One or more hardware processors 302, in an embodiment, responsive
to determining that an anomaly score associated with a sensor in
the plurality of sensors meets a threshold value indicative of
abnormal functioning, automatically triggers a corrective action to
correct an equipment coupled to the sensor. For instance, one or
more hardware processors 302 may send a signal to adjust one or
more parameters of one or more equipments 312, via a network
interface 308.
In an embodiment, one or more hardware processors 302 solve the
first object function implementing a projected gradient algorithm.
The projected gradient algorithm embeds an approximate Newton
method, wherein feasibility with respect to sparsity constraint is
handled via projection, and a symmetric positive-definiteness of
iterates is ensured through a line-search procedure.
The memory device 304 may include random access memory (RAM),
read-only memory (ROM) or another memory device, and may store data
and/or processor instructions for implementing various
functionalities associated with the methods and/or systems
described herein. A processor 302 may execute computer instructions
stored in the memory 304 or received from another computer device
or medium. The memory device 304 may, for example, store
instructions and/or data for functioning of the one or more
hardware processors 302, and may include an operating system and
other program of instructions and/or data. In one aspect, input
data such as the first data set and the second data set, and
program instructions which one or more of the hardware processors
302 may execute, can be stored on a storage device 306 or received
via a network interface 308 from a remote device, and may be
temporarily loaded into the memory device 304 to construct
dependency graphs and detect anomaly.

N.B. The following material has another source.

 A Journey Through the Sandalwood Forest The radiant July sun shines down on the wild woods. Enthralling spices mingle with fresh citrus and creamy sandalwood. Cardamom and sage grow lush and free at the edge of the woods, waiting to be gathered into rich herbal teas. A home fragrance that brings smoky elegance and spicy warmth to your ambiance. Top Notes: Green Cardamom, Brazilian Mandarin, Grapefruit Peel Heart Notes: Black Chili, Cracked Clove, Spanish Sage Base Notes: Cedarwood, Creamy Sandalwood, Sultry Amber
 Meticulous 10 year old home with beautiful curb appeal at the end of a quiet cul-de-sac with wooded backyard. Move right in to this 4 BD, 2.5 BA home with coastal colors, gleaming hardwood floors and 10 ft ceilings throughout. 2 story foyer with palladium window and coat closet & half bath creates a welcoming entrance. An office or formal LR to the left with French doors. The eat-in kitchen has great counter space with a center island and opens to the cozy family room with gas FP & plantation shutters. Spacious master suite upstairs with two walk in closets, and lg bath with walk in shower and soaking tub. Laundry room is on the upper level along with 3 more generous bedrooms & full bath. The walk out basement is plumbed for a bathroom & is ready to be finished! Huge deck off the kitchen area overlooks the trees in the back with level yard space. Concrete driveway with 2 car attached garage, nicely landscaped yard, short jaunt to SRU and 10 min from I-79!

One or more hardware
processors 302 may be coupled with interface devices such as a
network interface 308 for communicating with remote systems, for
example, via a network, and an input/output interface 310 for
communicating with input and/or output devices such as a keyboard,
mouse, display, and/or others.
FIG. 4 is a diagram illustrating a screen display of an analytics
tool in an embodiment, which integrate anomaly detection technique
in one embodiment. Learning dependency models and detecting
anomalies according to embodiments in the present disclosure can be
integrated as an analytics function, for example, shown at 402,
which can be selectable via a user interface 400 of an analytics
tool. Selecting the function 402, for example, navigates a user
through building of dependency graphs and detecting anomalies in
connected sensor network, for example, of equipments in operation,
for example, in a manufacturing or another industrial process.

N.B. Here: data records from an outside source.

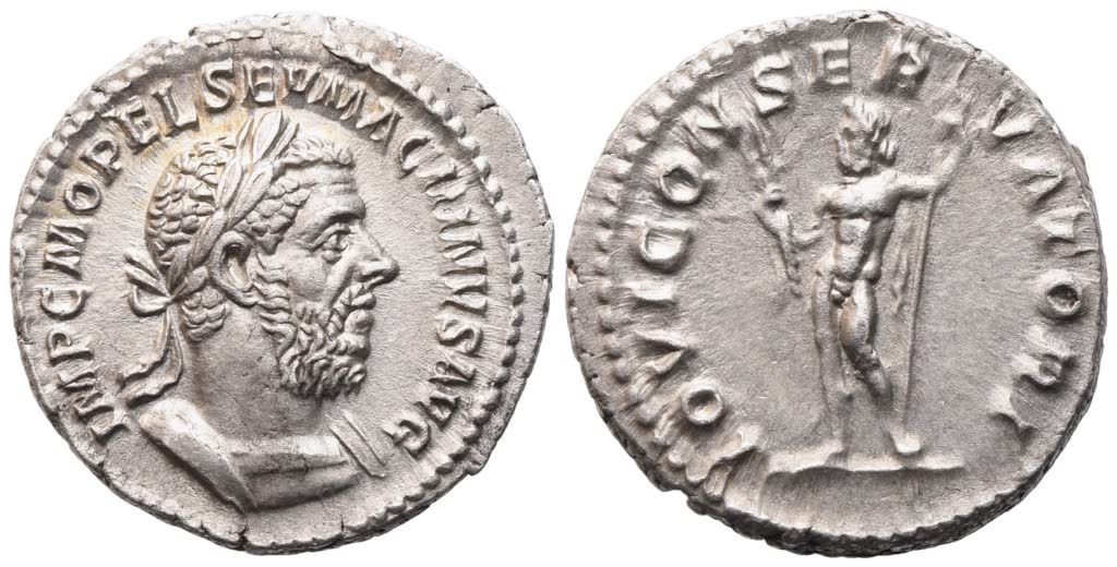 IMP C M OPEL SEV MACRINVS AVG Laureate and cuirassed bust of Macrinus to r.; Rv. IOVI CONSERVATORI Jupiter, naked, standing front, head to l., holding thunderbolt in his r. hand and long sceptre with his l. RIC 73; Cohen 33. Near extremely fine.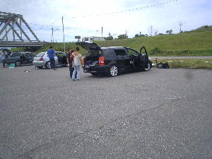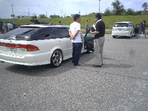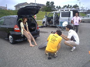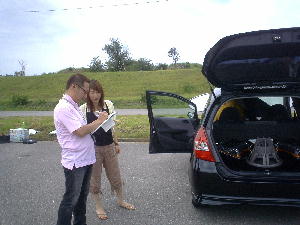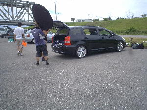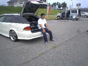 2005年8月28日 石川県美川町美し河原にて、『サウンドアップコンテスト』が行われました。 ![]() 撮影が1番始めだったせいか、まだ数台しか来てなかった・・・ ![]() ![]() 3台同時に撮影が始まりました。 フィットはオーディオより、ホイールのほうが注目されてました・・・(汗) ![]() フィットの審査は『サウンドアップ』『オートサウンド』で有名な小林さん☆ みんな1週間前に新潟で会ってたので覚えてもらってました。 ![]() ![]() 掲載は10月発売のvol.22です。お楽しみに〜♪ ![]() 審査後には改善点を真剣に聞いて勉強してる姿もみられました。 ![]() 最後にコンテスト会場での激写!!! ウィッシュに向かって近づく女の子が!? それも子供を連れて!?!? 『誰?』、『彼女?』、『人妻?』、『不倫?』、『隠し子?』 ドラッグサウンドメンバー一同大騒ぎ! 終始ラブラブだった2人♪ 詳しくは本人まで↑ |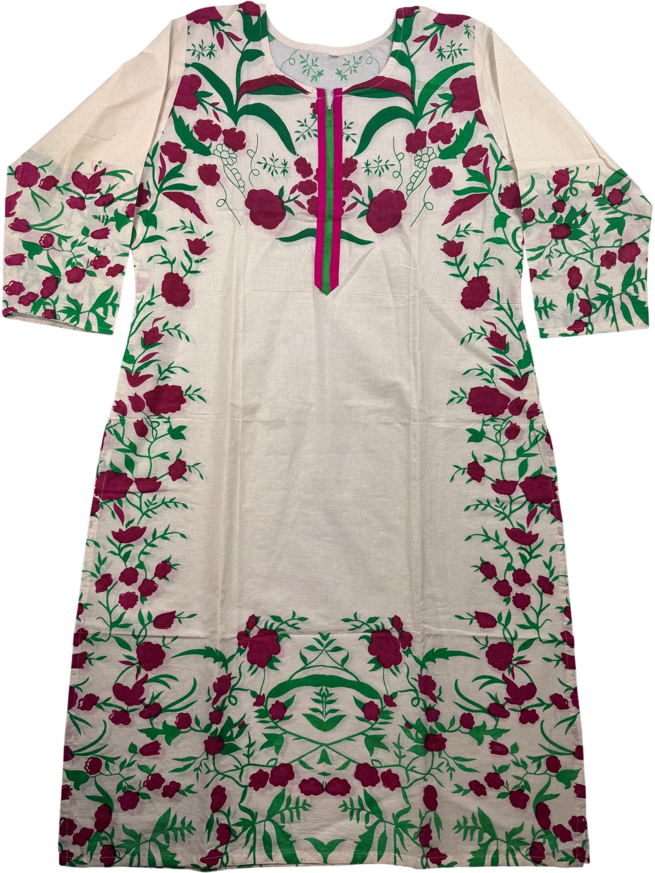Vintage Cream Indian dress featuring a vibrant floral pattern with green and maroon hues. Designed with long sleeves and a round neckline. Made from lightweight fabric for a comfortable fit.

FIG. 5 illustrates a schematic of an example computer or processing
system that may implement a system in one embodiment of the present
disclosure. The computer system is only one example of a suitable
processing system and is not intended to suggest any limitation as
to the scope of use or functionality of embodiments of the
methodology described herein. The processing system shown may be
operational with numerous other general purpose or special purpose
computing system environments or configurations. Examples of
well-known computing systems, environments, and/or configurations
that may be suitable for use with the processing system shown in
FIG. 5 may include, but are not limited to, personal computer
systems, server computer systems, thin clients, thick clients,
handheld or laptop devices, multiprocessor systems,
microprocessor-based systems, set top boxes, programmable consumer
electronics, network PCs, minicomputer systems, mainframe computer
systems, and distributed cloud computing environments that include
any of the above systems or devices, and the like.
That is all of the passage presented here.